For the better part of a decade, the Ghanaian public, civil society, and trade unions screamed xenophobia at foreign contractors. The narrative was simple: foreigners were stealing our bread, repatriating our profits, and taking jobs. The demand was unanimous—give it to Ghanaians.

President Mahama listened. At the launch of the Big Push, he proudly declared that a rigorous procedure had vetted these local firms for capacity.

Yet, the results are damning. It is not a lack of funds stalling the Enchi-Elubo road, where a contractor took mobilisation funds in December 2025 and did nothing. It is not a lack of policy stalling the Kejetia Phase II Market, where 150 workers were laid off due to stagnation. It is a crisis of work ethics.

Where is the Outrage?
The silence from the critics is now defeaning. The same social media activists who once trended hashtags demanding the expulsion of Chinese and Italian firms have gone quiet. The same Civil Society Organizations (CSOs) that protested “Brexit-style” takeovers are not holding press conferences to condemn the indigenous Ghanaian who took the money and ran.

The Ghanaian Times, reacting to similar negligence on the Agenda 111 hospital projects, noted that contractors received standard mobilisation funds but “no work was done,” calling it a “betrayal of trust”. But where is the public energy? Why do Ghanaians tolerate a local thief more than a foreign worker?
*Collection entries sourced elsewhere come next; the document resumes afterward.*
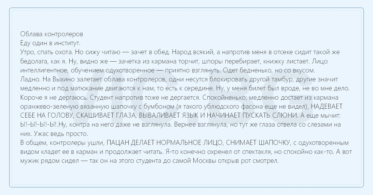 В общем, контролеры ушли, ПАЦАН ДЕЛАЕТ НОРМАЛЬНОЕ ЛИЦО, СНИМАЕТ ШАПОЧКУ, с одухотворенным видом кладет ее в карман и продолжает читать. Я-то конечно охренел от спектакля, но спокойно как-то. А вот мужик рядом сидел — так он на этого студента до самой Москвы открыв рот смотрел.
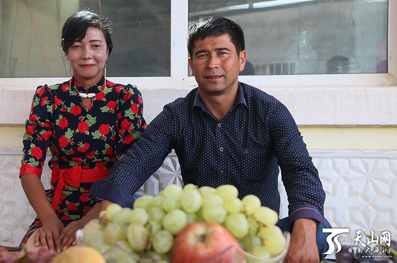 阿巴斯·艾台克和妻子在家里准备了丰盛的果盘招待客人。
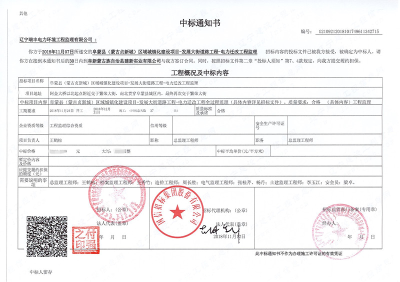 中標(biāo)喜訊-阜蒙縣(蒙古貞新城)區(qū)城鎮(zhèn)化建設(shè)項(xiàng)目-發(fā)展大街道路工程-電力遷改工程監(jiān)理
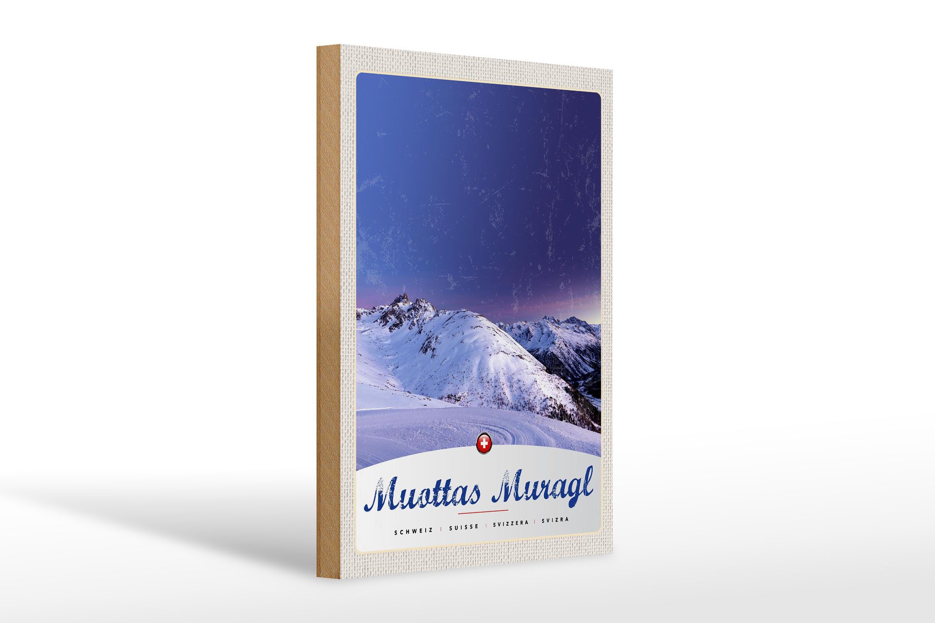 Holzbild Reise 20x30cm Muottas Muragl Schweiz Winter Schnee
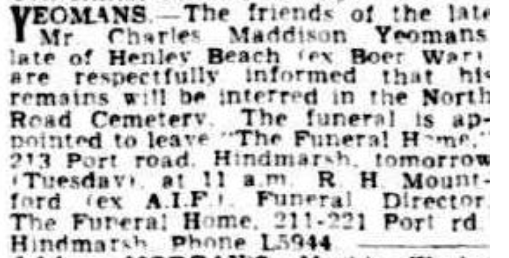 Sadly, his health continued to decline and Yeomans died at his family home in Prospect, on the 27th of June 1948. He was buried at the North Road Cemetery, and on the day of his funeral the Henley and Grange Town Hall flag flew at half-mast in his honour.
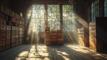 A dusty archive with rows of old boxes and filing cabinets, sunlight streaming through cracked windows, creating beams of light on the wooden floor, vintage and nostalgic atmosphere, studious mood
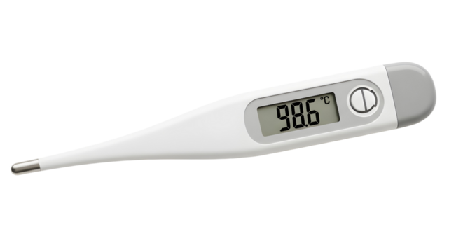 White Digital Medical Thermometer Product Shot Showing 98.6 Degrees Fahrenheit isolated PNG with Transparent Background

Minister Agbodza has put his finger on the pulse. “Why should the President suffer abuse because contractors are not doing the work?” he questioned, observing the viral criticism on TikTok. He has warned that “no contractor is bigger than government” and has ordered immediate terminations, including that of Black Oak on the Bogoso-Prestea road for citing a lack of “designs” as an excuse to stay home.

A Nation Reaps What It Sows
The administration is now scrambling to clean up the mess. Contractors are being summoned to dawn meetings and threatened with legal action. But the damage to the national psyche is done.

The “Local Contractor” policy was supposed to be the silver bullet that killed unemployment and poor infrastructure. Instead, it has revealed a hard truth: Ghana does not merely have a problem with foreign exploitation; Ghana has a problem with local accountability.

Until the public holds the local businessman to the same standard they held the foreigner—demanding value for money over jingoistic pride—the silence will be complicit. The roads will remain broken, and the hypocrisy will stand as the biggest obstacle to the nation we claim we want to build.